### Required action
In the material below, the required lines run from the one containing "LED projektør med" through the one containing "Indigofera pendula est". Copy those lines exactly, ends included, and nothing else.

### Exercise data
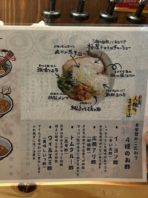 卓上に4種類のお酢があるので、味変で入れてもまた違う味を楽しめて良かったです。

* * *

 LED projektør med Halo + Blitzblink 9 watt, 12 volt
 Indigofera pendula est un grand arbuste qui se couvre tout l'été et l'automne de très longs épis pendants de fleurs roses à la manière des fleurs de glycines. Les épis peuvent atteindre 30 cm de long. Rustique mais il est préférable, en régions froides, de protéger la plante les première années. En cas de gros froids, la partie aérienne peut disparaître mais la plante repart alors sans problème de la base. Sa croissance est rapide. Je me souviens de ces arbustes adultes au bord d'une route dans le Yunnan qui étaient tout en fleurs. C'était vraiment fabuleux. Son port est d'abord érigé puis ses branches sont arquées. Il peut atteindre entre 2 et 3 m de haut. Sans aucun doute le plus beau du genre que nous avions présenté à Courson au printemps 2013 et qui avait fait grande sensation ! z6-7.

==

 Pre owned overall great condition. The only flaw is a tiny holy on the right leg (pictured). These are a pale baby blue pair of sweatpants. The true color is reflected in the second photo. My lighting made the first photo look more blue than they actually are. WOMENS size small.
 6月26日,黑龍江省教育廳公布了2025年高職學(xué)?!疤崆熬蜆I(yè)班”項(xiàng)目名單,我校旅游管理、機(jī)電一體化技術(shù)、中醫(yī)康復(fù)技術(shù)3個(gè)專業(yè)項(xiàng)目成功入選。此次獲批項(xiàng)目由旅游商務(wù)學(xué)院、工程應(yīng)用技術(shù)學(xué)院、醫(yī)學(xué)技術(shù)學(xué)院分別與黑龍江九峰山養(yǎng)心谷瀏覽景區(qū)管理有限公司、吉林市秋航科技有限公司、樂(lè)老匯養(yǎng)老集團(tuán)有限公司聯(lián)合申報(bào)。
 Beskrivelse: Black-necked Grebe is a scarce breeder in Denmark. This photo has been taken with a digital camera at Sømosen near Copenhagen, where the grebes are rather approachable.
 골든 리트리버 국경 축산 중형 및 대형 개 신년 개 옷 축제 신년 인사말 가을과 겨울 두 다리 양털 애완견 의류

### Result for this task
 LED projektør med Halo + Blitzblink 9 watt, 12 volt
 Indigofera pendula est un grand arbuste qui se couvre tout l'été et l'automne de très longs épis pendants de fleurs roses à la manière des fleurs de glycines. Les épis peuvent atteindre 30 cm de long. Rustique mais il est préférable, en régions froides, de protéger la plante les première années. En cas de gros froids, la partie aérienne peut disparaître mais la plante repart alors sans problème de la base. Sa croissance est rapide. Je me souviens de ces arbustes adultes au bord d'une route dans le Yunnan qui étaient tout en fleurs. C'était vraiment fabuleux. Son port est d'abord érigé puis ses branches sont arquées. Il peut atteindre entre 2 et 3 m de haut. Sans aucun doute le plus beau du genre que nous avions présenté à Courson au printemps 2013 et qui avait fait grande sensation ! z6-7.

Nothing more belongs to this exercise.